Theo Müller (January 29, 1940) is a German businessman. He is the head of the dairy company Müller, which was founded by his grandfather.

Early life
Theo Müller was born in Aretsried, Germany, in 1940, the son of Alois Müller.

Career
The Müller company was founded in 1896 by his grandfather Ludwig Müller in Aretsried, Bavaria. In 1938, his father Alois Müller took over. Theo took over in 1971, when the dairy business only had four employees.

Today, apart from the dairy businesses, Theo Müller Group has a packing company (Optipack), logistics (Culina Group), transportation (Fahrzeugtechnik Aretsried), fruit processing (Muller Naturfarm) and a fish restaurant chain (Nordsee). More recent acquisitions have included companies making chilled salad, sauces and dressings, speciality fish and baked goods.

In 2012, the company purchased Robert Wiseman Dairies, which supplies 30% of the UK's fresh milk market, for £280 million. In November 2014, the company agreed to buy Dairy Crest's milk business for £80 million. Theo Müller commented, "Bringing the two dairy operations together will enhance the merged business's ability to compete and will ensure that customers continue to receive quality products at low prices".

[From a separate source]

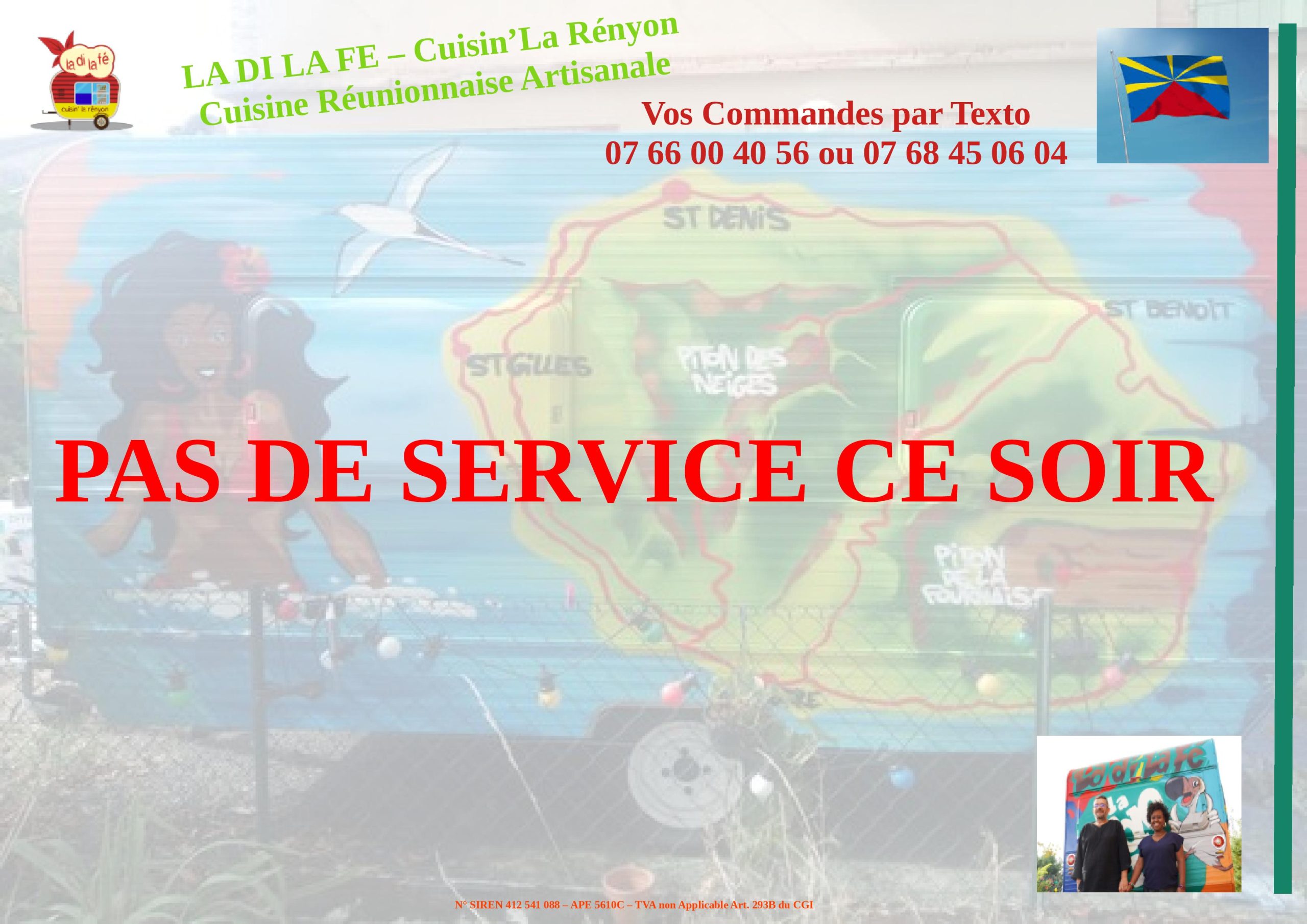 Livraison tous les soirs de 19h à 22h avec la ou les formules du jour

Müller is the sole owner, and as of 2015, Ronald Kers is the CEO, replacing , who retired in 2015. The company now employs more than 20,000 workers.

Personal life
Müller has nine children, seven with his wife Hanna Bittmann, whom he divorced in 1995, and two daughters with his partner Ines Hüvel. His eldest son, Stefan Müller, is a board member of Theo Müller Group.

In 1995, Müller survived a kidnapping attempt in which a pistol and electrical-shock equipment was held to his head. He jumped out of the car, and was working again later that afternoon.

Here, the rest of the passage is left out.